Segment Start: DATA

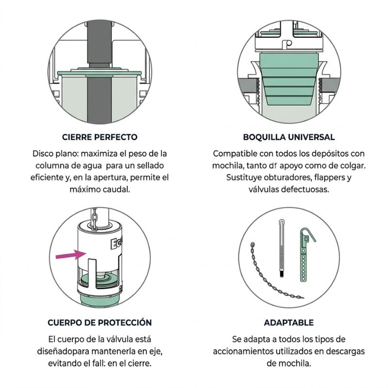 En mochilas con descarga tipo flapper, se instala en el orificio de descarga sin necesidad de desmontar todo el mecanismo.
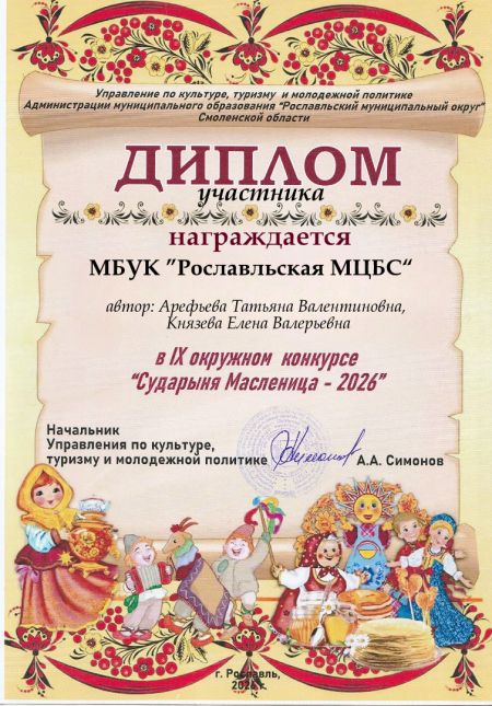 СМИРНОВОЙ СВЕТЛАНЕ ВАСИЛЬЕВНЕ, главному библиотекарю Центральной библиотеки им. Н. И. Рыленкова МБУК «Рославльская МЦБС» присуждено 1 МЕСТО.
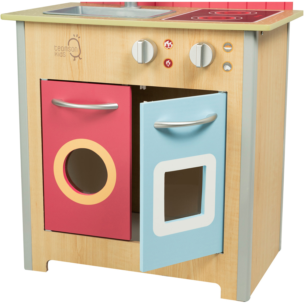 Spark imagination and inspire hours of creative play with a vibrant wooden play kitchen designed for little chefs who love to explore. Featuring a compact classic design with a natural wood finish, cheerful red and blue accents, and plenty of interactive elements, this red wooden kitchen set with accessories brings role play to life in any playroom or classroom. Children can open and close doors, turn clicking oven knobs, pretend to cook on printed burners, and organise their own spice rack, while the removable sink and included pot, lid, and shakers add extra fun. Sturdy wooden construction ensures it's safe for everyday play and easy to keep clean, and assembly is simple so the fun can start straight away. Perfect for toddlers aged three and up, it's a classic wood play kitchen for toddlers.
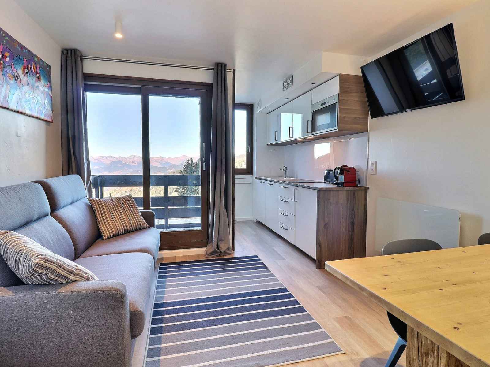 ascenseur. Les couchages Dans le séjour vous trouverez un canapé-lit 2 personnes et un lit simple. Le coin cuisine Il est équipé de plaques vitrocéramiques, d'un four, d'un micro ondes, d'un lave vaisselle et d'un réfrigérateur. Les sanitaires Une salle de bains avec baignoire et un WC séparé. Les équipements complémentaires Une télévision et un casier à skis. Connexion WIFI dans le hall de la résidence. Informations supplémentaires Nos amis les animaux ne sont pas tolérés dans le studio. Le linge de lit est inclus sauf pour les courts séjours et en été.
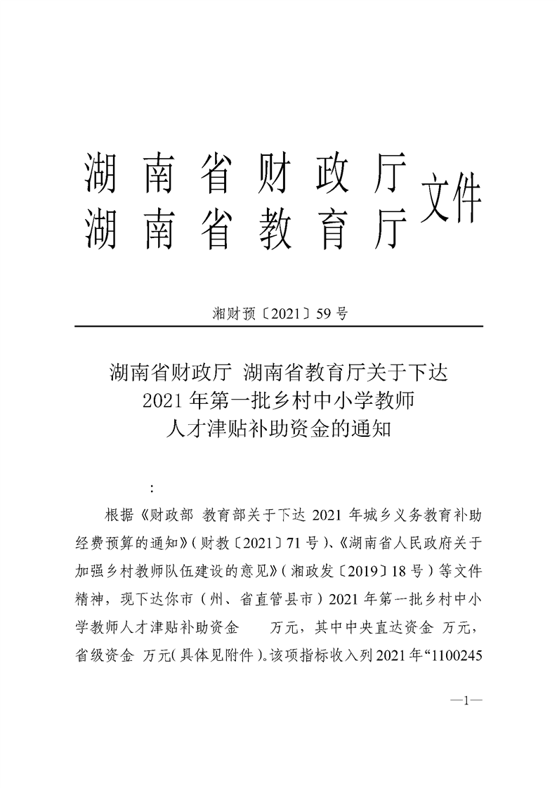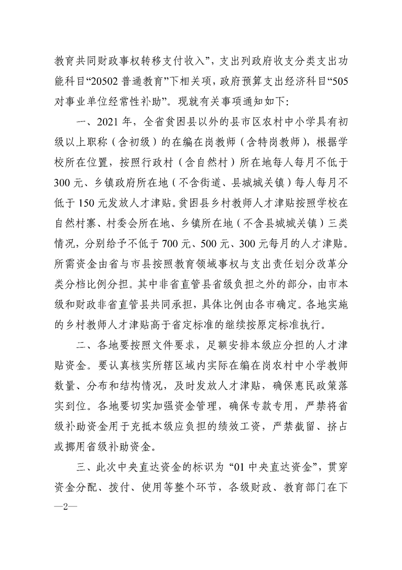 关于下达2021年第一批乡村中小学教师人才尽头补助资金的通知
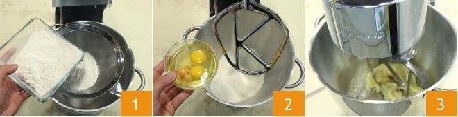 Para preparar los ravioles de patatas, comience preparando la pasta al huevo. Puede consultar el procedimiento de la Escuela de Cocina: pasta fresca al huevo. En el bol de una batidora, vierta la harina tamizándola 1 y los huevos 2. Monte la pala K y mezcle a una velocidad media-alta para crear una mezcla homogénea y suave 3.
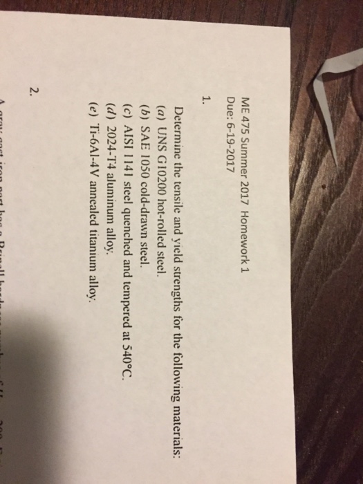 | Read Question 1 Determine The Tensile And Yield Strengths Chegg |
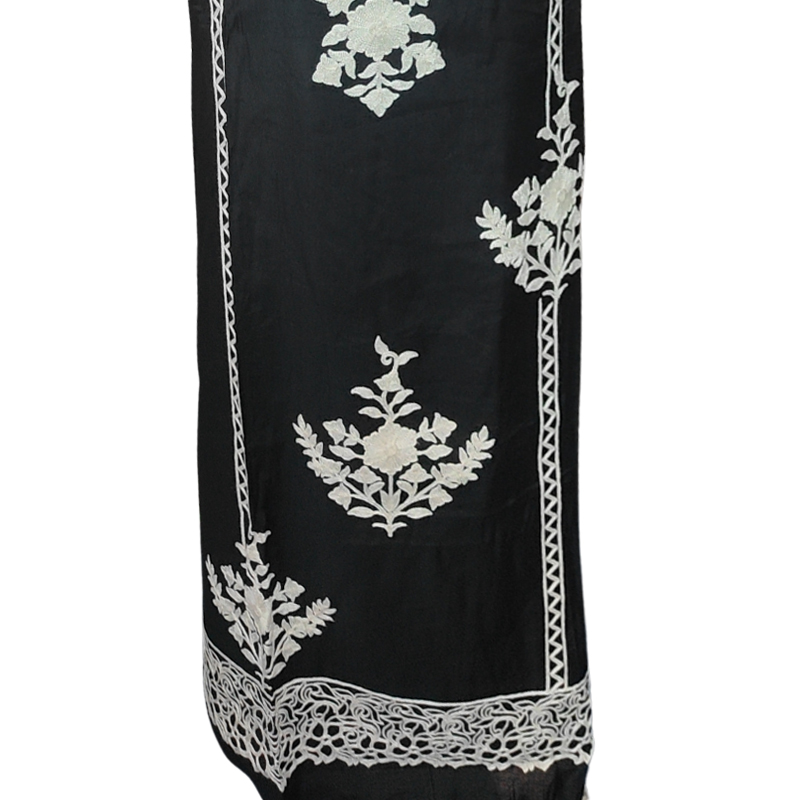 Black Designer Suit Embellished with intricate floral thread work, offering a sophisticated and classy look.
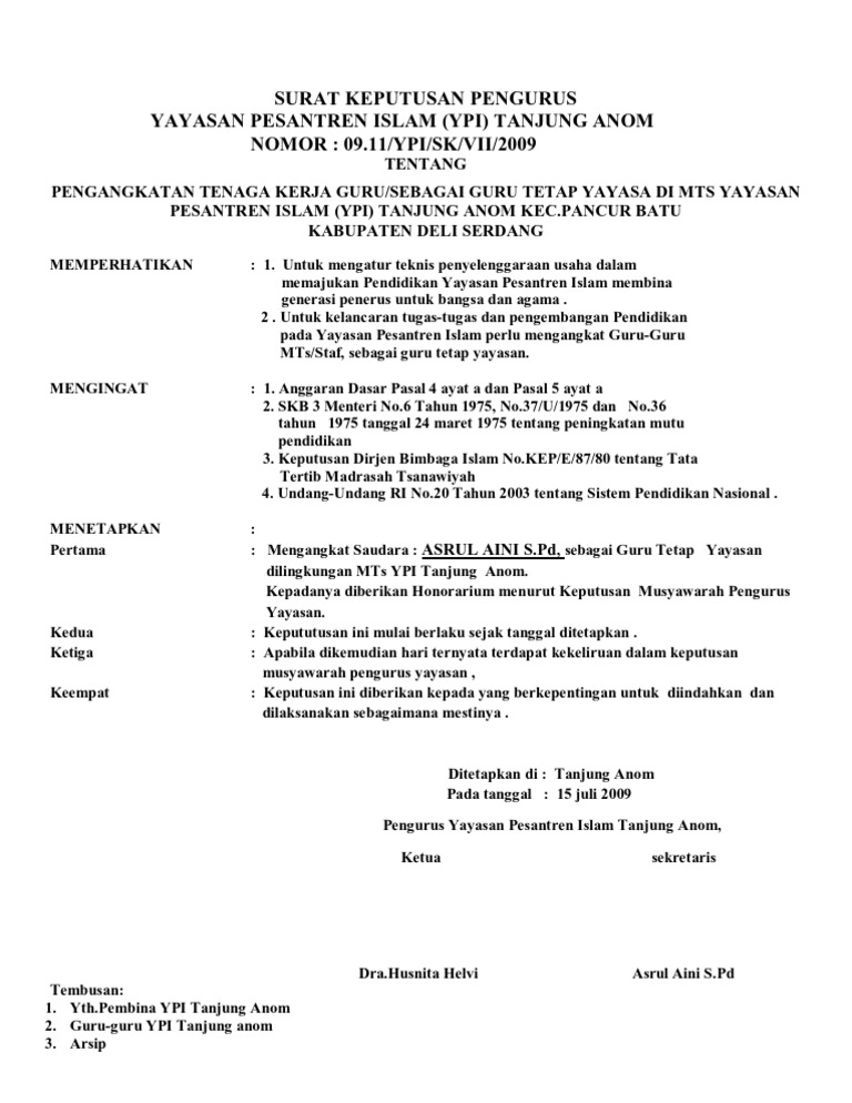 Contoh surat keputusan (sk) pengangkatan karyawan tetap ~ ketika seorang karyawan borongan / karyawan tidak tetap dinilai berprestasi dan memenuhi kriteria yang diinginkan. Surat keputusan sangat penting inilah rekomendasi contoh surat keputusan yang baik dan benar, bisa dipraktekan dalam dinas, organisasi dan lanya. Home » contoh surat » contoh surat keputusan pengurus yayasan pengangkatan guru honorer.

Segment End: DATA

TASK ITEM = Once the line with "关于下达2021年第一批乡村中小学教师人才尽头补助资金的通知" is found above, transcribe each line from it through the line with "Para preparar los", exactly, and omit the pictures.

ANSWER TO THIS TASK =
 关于下达2021年第一批乡村中小学教师人才尽头补助资金的通知
 Para preparar los ravioles de patatas, comience preparando la pasta al huevo. Puede consultar el procedimiento de la Escuela de Cocina: pasta fresca al huevo. En el bol de una batidora, vierta la harina tamizándola 1 y los huevos 2. Monte la pala K y mezcle a una velocidad media-alta para crear una mezcla homogénea y suave 3.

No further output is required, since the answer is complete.